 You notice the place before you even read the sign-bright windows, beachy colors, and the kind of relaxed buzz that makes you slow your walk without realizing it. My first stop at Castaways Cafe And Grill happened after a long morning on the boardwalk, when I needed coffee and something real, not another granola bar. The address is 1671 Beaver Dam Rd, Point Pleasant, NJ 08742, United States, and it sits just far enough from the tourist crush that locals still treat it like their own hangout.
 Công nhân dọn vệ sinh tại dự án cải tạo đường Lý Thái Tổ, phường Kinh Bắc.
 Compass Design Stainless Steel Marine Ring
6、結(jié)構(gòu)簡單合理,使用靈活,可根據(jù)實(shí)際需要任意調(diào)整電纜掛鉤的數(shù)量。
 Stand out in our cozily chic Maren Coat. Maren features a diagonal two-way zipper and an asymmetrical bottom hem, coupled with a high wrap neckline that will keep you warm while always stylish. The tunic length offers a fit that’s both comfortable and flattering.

* * *

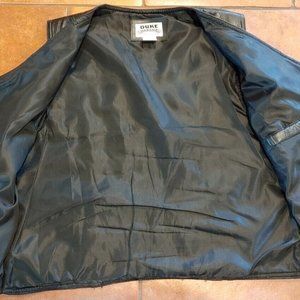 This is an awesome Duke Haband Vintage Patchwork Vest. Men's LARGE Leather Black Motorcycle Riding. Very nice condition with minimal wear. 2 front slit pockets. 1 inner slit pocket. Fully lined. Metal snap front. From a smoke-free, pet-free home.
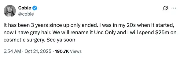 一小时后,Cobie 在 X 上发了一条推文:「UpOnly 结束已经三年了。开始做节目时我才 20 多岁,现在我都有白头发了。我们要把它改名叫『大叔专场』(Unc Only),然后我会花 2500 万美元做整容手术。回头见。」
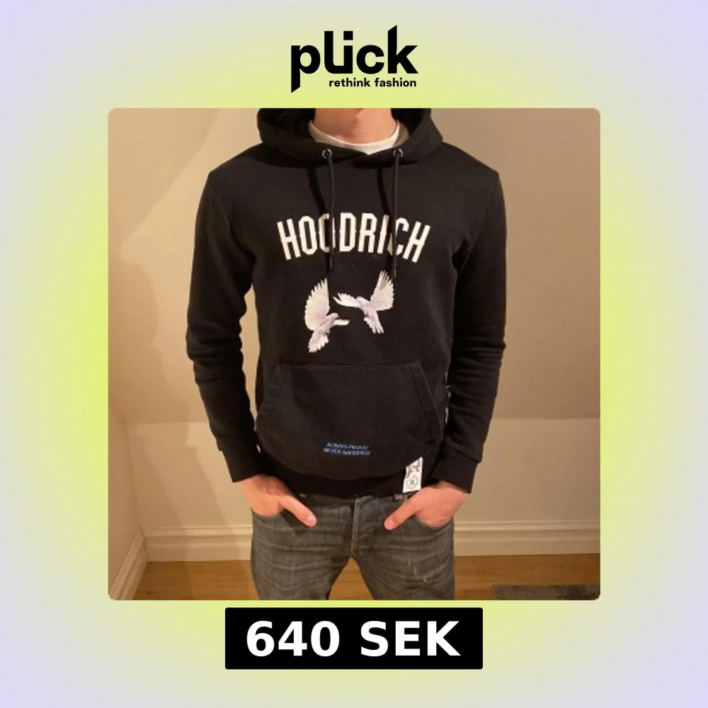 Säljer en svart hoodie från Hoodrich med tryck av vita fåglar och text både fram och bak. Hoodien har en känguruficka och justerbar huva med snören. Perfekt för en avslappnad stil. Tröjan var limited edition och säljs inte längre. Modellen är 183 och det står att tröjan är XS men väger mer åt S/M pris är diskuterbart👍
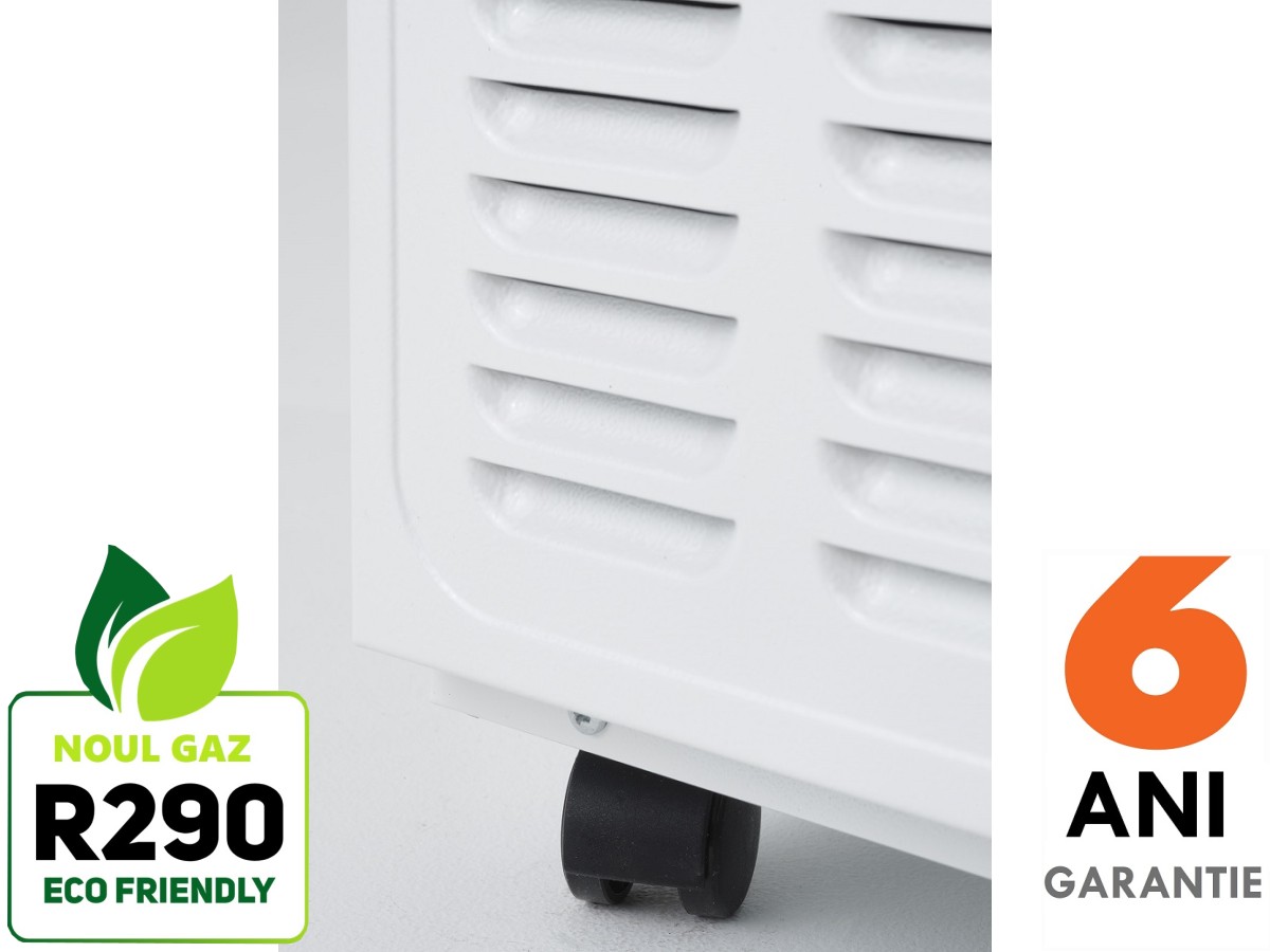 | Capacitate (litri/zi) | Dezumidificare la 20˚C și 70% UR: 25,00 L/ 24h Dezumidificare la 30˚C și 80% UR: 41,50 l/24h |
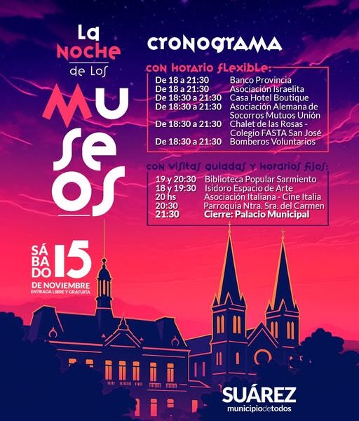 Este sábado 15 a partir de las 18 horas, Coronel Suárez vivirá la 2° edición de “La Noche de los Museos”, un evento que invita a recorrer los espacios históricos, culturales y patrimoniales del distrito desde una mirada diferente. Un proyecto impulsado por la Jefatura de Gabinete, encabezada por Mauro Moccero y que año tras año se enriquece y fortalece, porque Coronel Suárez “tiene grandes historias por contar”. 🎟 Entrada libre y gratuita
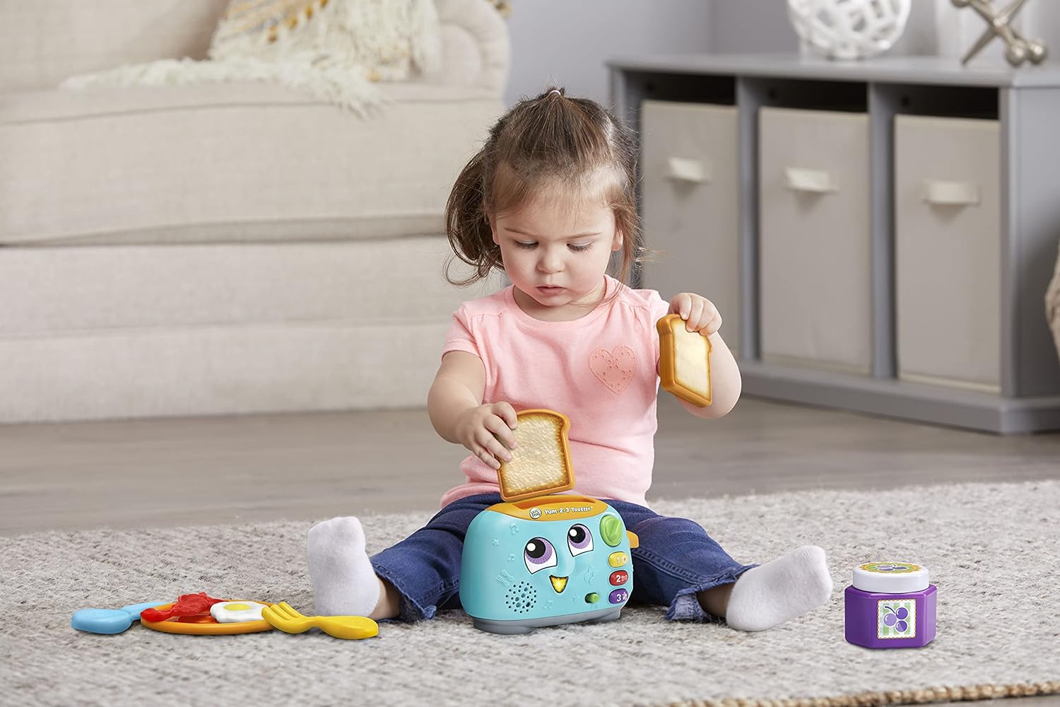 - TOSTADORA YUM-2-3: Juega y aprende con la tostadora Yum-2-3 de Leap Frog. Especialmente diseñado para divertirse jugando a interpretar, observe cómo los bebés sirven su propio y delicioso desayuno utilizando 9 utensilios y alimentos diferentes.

- _HOW TO COMPLETE THIS TASK_
From the material above, reproduce only what runs from the line holding "Este sábado 15" down to the line holding "- TOSTADORA YUM-2-3: Juega", both included, pictures excluded.

- _TASK RESPONSE_
 Este sábado 15 a partir de las 18 horas, Coronel Suárez vivirá la 2° edición de “La Noche de los Museos”, un evento que invita a recorrer los espacios históricos, culturales y patrimoniales del distrito desde una mirada diferente. Un proyecto impulsado por la Jefatura de Gabinete, encabezada por Mauro Moccero y que año tras año se enriquece y fortalece, porque Coronel Suárez “tiene grandes historias por contar”. 🎟 Entrada libre y gratuita
 - TOSTADORA YUM-2-3: Juega y aprende con la tostadora Yum-2-3 de Leap Frog. Especialmente diseñado para divertirse jugando a interpretar, observe cómo los bebés sirven su propio y delicioso desayuno utilizando 9 utensilios y alimentos diferentes.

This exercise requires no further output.